“Perception is everything, especially when understanding how a gentle turn can get you out of a plugged sand shot.” – David Lee

One of the many strange things about the brain is how it perceives things – and “plugged-lie” sand shots are one of those issues that most people see backwards from the way they should. A ball buried in the sand can be hit from the bunker with actually less effort than when the ball is sitting on a clean lie. Instinct, when we are standing over one of these buried shots, tells us that we need to “dig” the ball out.

Plugged Sand Shots Do NOT Require Tension

In reality, if the player tightens the arms in an effort to force the ball from a plugged lie, the tension increase in the arms diminishes the core rotation, reducing the foot-pounds that move through impact, and lessens the likelihood of getting the shot out of the bunker.

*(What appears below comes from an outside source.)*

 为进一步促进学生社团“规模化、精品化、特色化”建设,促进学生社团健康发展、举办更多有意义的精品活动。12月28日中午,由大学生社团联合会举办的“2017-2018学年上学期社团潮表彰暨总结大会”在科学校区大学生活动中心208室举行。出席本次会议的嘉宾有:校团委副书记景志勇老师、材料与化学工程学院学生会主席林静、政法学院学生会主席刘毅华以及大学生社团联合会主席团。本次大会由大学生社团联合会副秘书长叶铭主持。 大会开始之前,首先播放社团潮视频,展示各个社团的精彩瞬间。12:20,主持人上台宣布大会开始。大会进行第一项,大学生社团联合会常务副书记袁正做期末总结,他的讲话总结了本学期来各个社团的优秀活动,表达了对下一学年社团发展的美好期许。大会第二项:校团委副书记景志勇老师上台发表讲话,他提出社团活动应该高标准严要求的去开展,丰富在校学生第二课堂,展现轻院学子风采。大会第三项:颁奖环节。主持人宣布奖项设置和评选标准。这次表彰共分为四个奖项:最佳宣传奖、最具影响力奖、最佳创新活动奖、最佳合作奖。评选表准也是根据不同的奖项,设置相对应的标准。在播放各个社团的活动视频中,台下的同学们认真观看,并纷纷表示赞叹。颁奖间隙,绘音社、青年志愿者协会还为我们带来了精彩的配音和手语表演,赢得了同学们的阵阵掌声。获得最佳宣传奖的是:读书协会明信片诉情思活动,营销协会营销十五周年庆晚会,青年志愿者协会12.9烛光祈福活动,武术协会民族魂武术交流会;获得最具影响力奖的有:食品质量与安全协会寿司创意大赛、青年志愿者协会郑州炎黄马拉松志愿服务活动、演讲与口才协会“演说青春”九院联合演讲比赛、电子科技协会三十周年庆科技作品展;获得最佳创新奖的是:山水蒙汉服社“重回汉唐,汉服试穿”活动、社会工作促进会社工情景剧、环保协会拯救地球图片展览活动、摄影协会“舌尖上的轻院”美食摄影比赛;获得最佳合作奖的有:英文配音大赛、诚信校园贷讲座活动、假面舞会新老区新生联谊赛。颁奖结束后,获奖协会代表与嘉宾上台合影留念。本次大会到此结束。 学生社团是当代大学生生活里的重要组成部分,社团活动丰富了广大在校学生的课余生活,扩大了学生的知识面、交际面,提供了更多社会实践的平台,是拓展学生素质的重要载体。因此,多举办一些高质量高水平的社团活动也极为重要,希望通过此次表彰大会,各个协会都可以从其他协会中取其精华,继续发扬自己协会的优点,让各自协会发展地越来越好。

Just as with a normal sand shot, proper technique requires that the arms start down in a state of pure dead-fall, and the turn of the body “excavates” both the sand and the ball from the bunker.

In a typical trap shot, with the ball sitting on top of the sand, the club undercuts the ball to a greater degree, imparting more spin – and it stops quickly upon hitting the green. When the ball is buried, however, the undercutting effect is diminished, and the sand behind the ball pushes it out of the bunker with less spin. Since the carry-to-roll ratio is reduced, hitting from a buried lie actually takes less of a swing to cover an equivalent amount of ground.

Turn the Body Through Your Sand Shots

When hitting any bunker shot, clean lie or buried, the most important thing to remember is to turn the body completely past the intended target on the follow-through. This is the “insurance policy” for having less ball compression due to the fact that in the impact zone, the club contacts the sand instead of the ball.

Remember that no greenside bunker shots require a weight shift, and are therefore played with as much weight as possible of the left side, even though the feet are set farther apart (than for a pitch) to ensure that the bottom of the swing-arc is beneath the ball. Oftentimes, when the ball is plugged in the face of a bunker, it is necessary to significantly open the stance in order to keep the weight on the front leg. This eliminates the need to push from the rear leg in an effort to clear the follow-through.

If the ball is on an extreme uphill lie, play the shot with a less-lofted club to offset the unintentional loft increase created by opening the stance (and the clubface) to accommodate the slope. Otherwise, the shot may come up short of the hole. Opening the stance allows the player to turn as level as possible through impact.